PROBLEM STATEMENT >>
Write out each entry below exactly; the images do not belong in your copy.

+++ GIVEN DATA +++

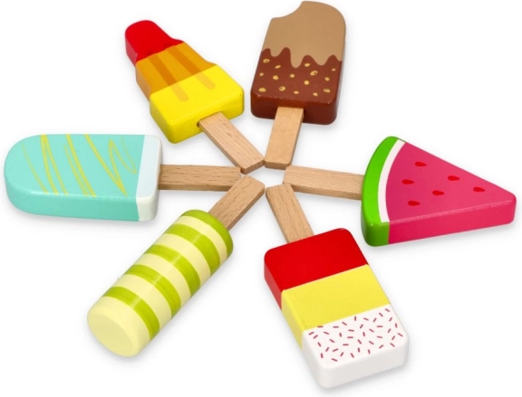 Barevná sada dřevěných nanuků na praktickém stojánku přináší dětem od 3 let hodiny kreativní hry. Podporuje fantazii, roli hraní obchodu a zmrzlinárny a rozvíjí jemnou motoriku i koordinaci oko–ruka. Odolné dřevěné provedení, bezpečné barvy a roztomilé designy zaručí, že se z nanuků stane oblíbená hračka v každém dětském pokoji.
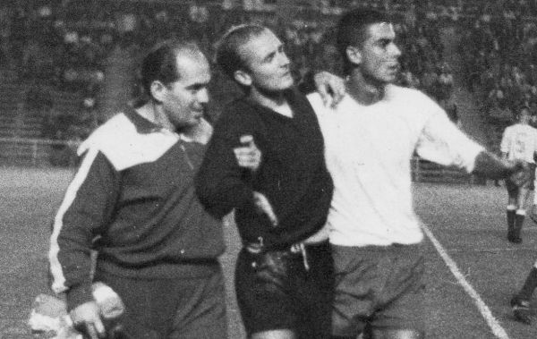 Ulacia abandona golpeado el terreno de juego, junto al masajista Pepe González y a Juan Guedes (Archivo Norberto Rodríguez)
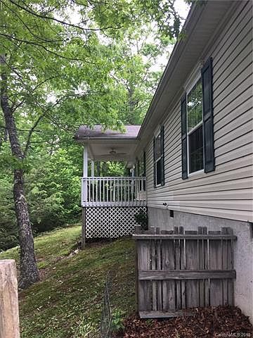 Very private 2001 On Frame Modular home on .9 acres. Room for a small garden, 2 carport covered, storage/work shed are on the property. No close neighbors located at the end of the road. Home has 2 Bedrooms and an office, very open floor plan, fireplace in Den, 2 full baths with a garden tub in one. Home is located in Balsam Grove behind the McCall Grocery. If you love to fish you are only moments away from the creek to enjoy all the fishing you want. You are about 30 - 35 minutes from downtown Brevard.
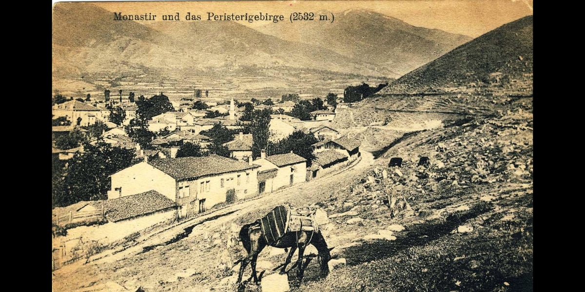 Επιστολική Γερμανική κάρτα του 1916 από το Μοναστήρι. Το είχαν καταλάβει οι σύμμαχοί τους Βούλγαροι. Η κάρτα χρησιμοποιεί τις ελληνικές ονομασίες της πόλης και της οροσειράς (Περιστέρι) πάνωθέ της.
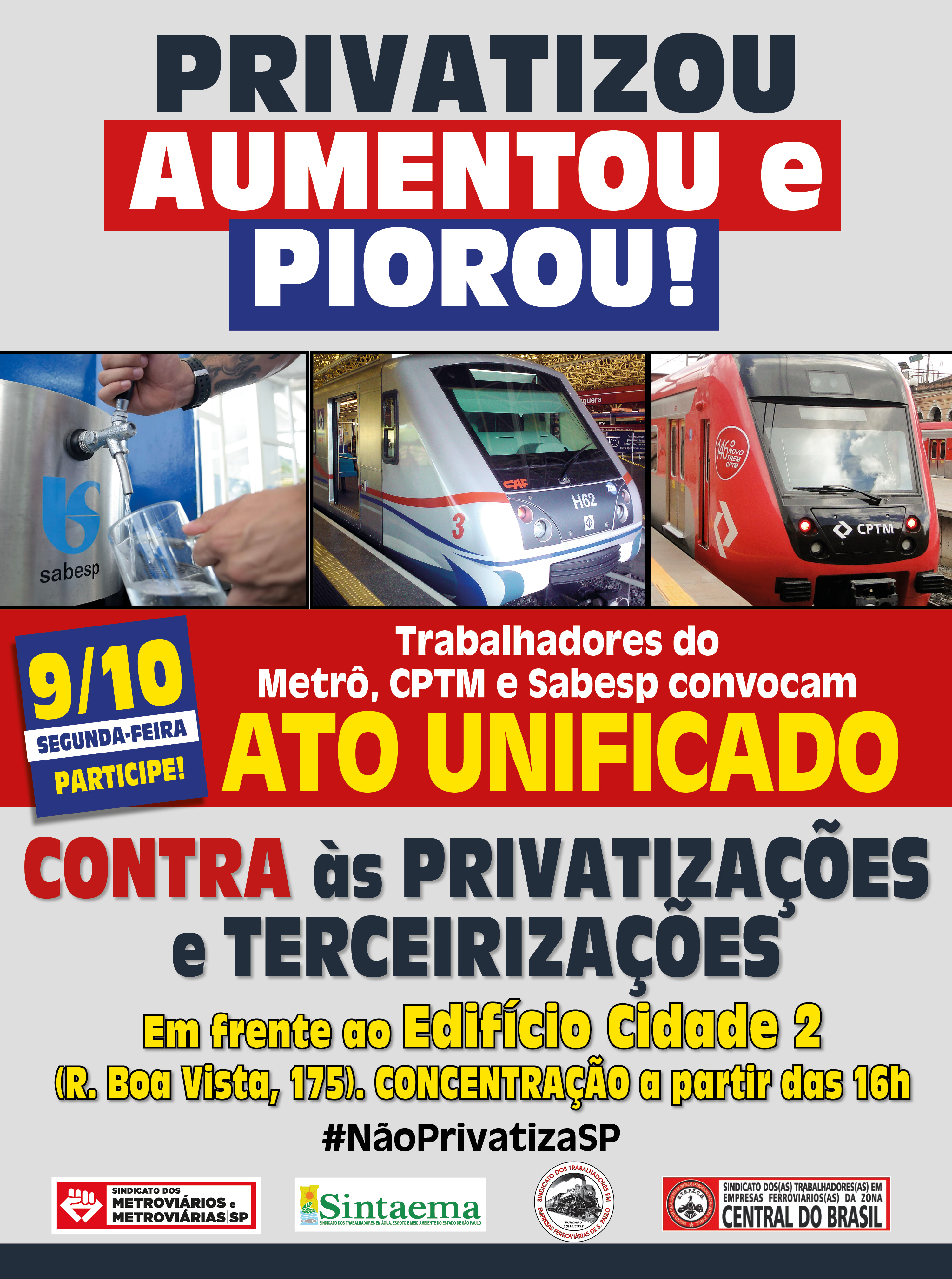ATO UNIFICADO: Dia 9/10 (segunda-feira), concentração a partir das 16h, em frente aO Edifício Cidade 2 ((R. Boa Vista, 175). PARTICIPE!
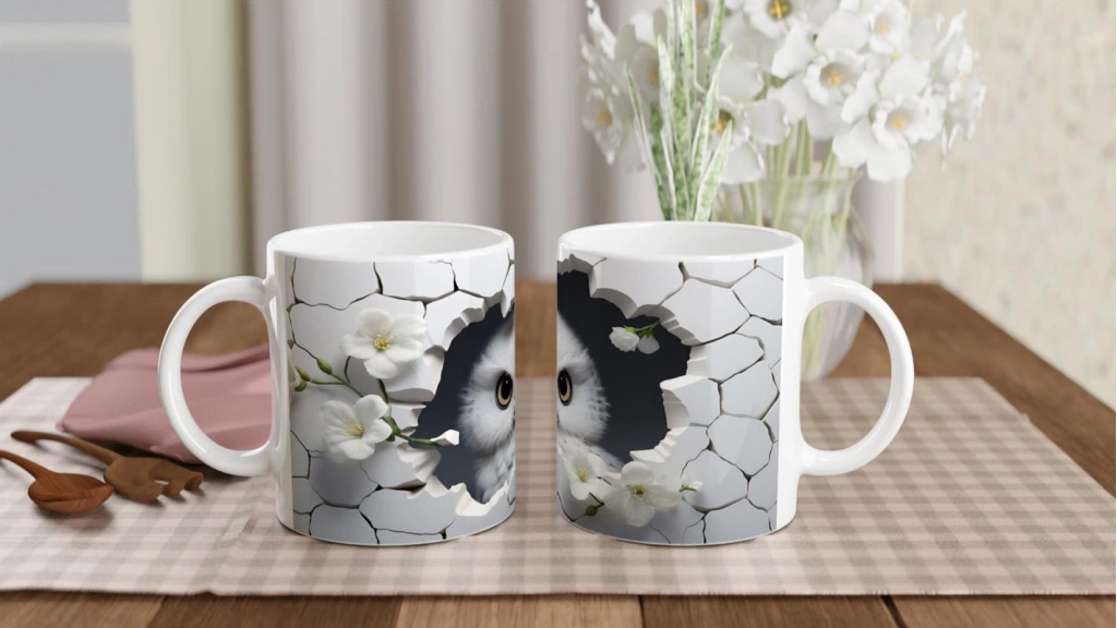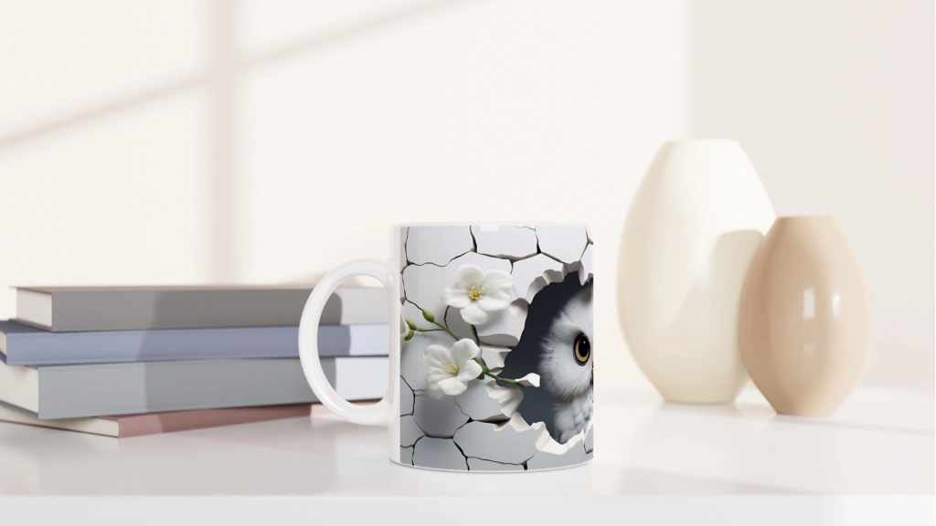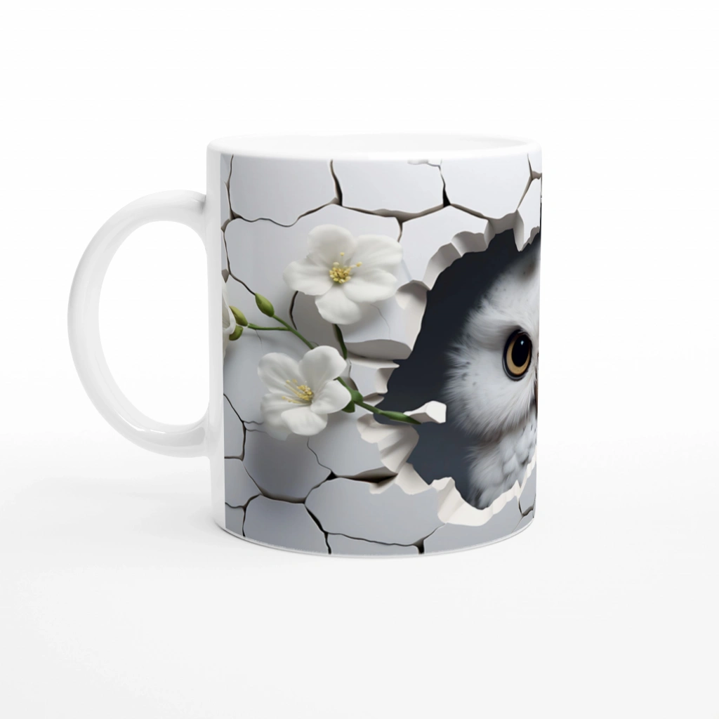 Kırık Seramikten Bakan Beyaz Baykuş Baskılı Kupa Bardak, sade beyaz çiçek detayları ve zarif tasarımıyla hem estetik hem de anlam yüklü bir görünüm sunuyor. Doğadan ve sembolizmden ilham alanlar için eşsiz bir tercih.
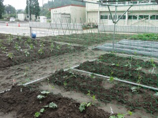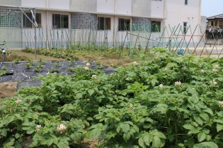 学校前の畑に各学年が育てる作物が植えられました。じゃがいもやさつまいも,ヘチマなどがにぎやかに並んでいます。子どもたちは,毎朝,登校してくると真っ先に水やりする姿が見られます。早く大きくなってね!

+++

ANSWER FOR THIS EXERCISE >>
 Barevná sada dřevěných nanuků na praktickém stojánku přináší dětem od 3 let hodiny kreativní hry. Podporuje fantazii, roli hraní obchodu a zmrzlinárny a rozvíjí jemnou motoriku i koordinaci oko–ruka. Odolné dřevěné provedení, bezpečné barvy a roztomilé designy zaručí, že se z nanuků stane oblíbená hračka v každém dětském pokoji.
 Ulacia abandona golpeado el terreno de juego, junto al masajista Pepe González y a Juan Guedes (Archivo Norberto Rodríguez)
 Very private 2001 On Frame Modular home on .9 acres. Room for a small garden, 2 carport covered, storage/work shed are on the property. No close neighbors located at the end of the road. Home has 2 Bedrooms and an office, very open floor plan, fireplace in Den, 2 full baths with a garden tub in one. Home is located in Balsam Grove behind the McCall Grocery. If you love to fish you are only moments away from the creek to enjoy all the fishing you want. You are about 30 - 35 minutes from downtown Brevard.
 Επιστολική Γερμανική κάρτα του 1916 από το Μοναστήρι. Το είχαν καταλάβει οι σύμμαχοί τους Βούλγαροι. Η κάρτα χρησιμοποιεί τις ελληνικές ονομασίες της πόλης και της οροσειράς (Περιστέρι) πάνωθέ της.
ATO UNIFICADO: Dia 9/10 (segunda-feira), concentração a partir das 16h, em frente aO Edifício Cidade 2 ((R. Boa Vista, 175). PARTICIPE!
 Kırık Seramikten Bakan Beyaz Baykuş Baskılı Kupa Bardak, sade beyaz çiçek detayları ve zarif tasarımıyla hem estetik hem de anlam yüklü bir görünüm sunuyor. Doğadan ve sembolizmden ilham alanlar için eşsiz bir tercih.
 学校前の畑に各学年が育てる作物が植えられました。じゃがいもやさつまいも,ヘチマなどがにぎやかに並んでいます。子どもたちは,毎朝,登校してくると真っ先に水やりする姿が見られます。早く大きくなってね!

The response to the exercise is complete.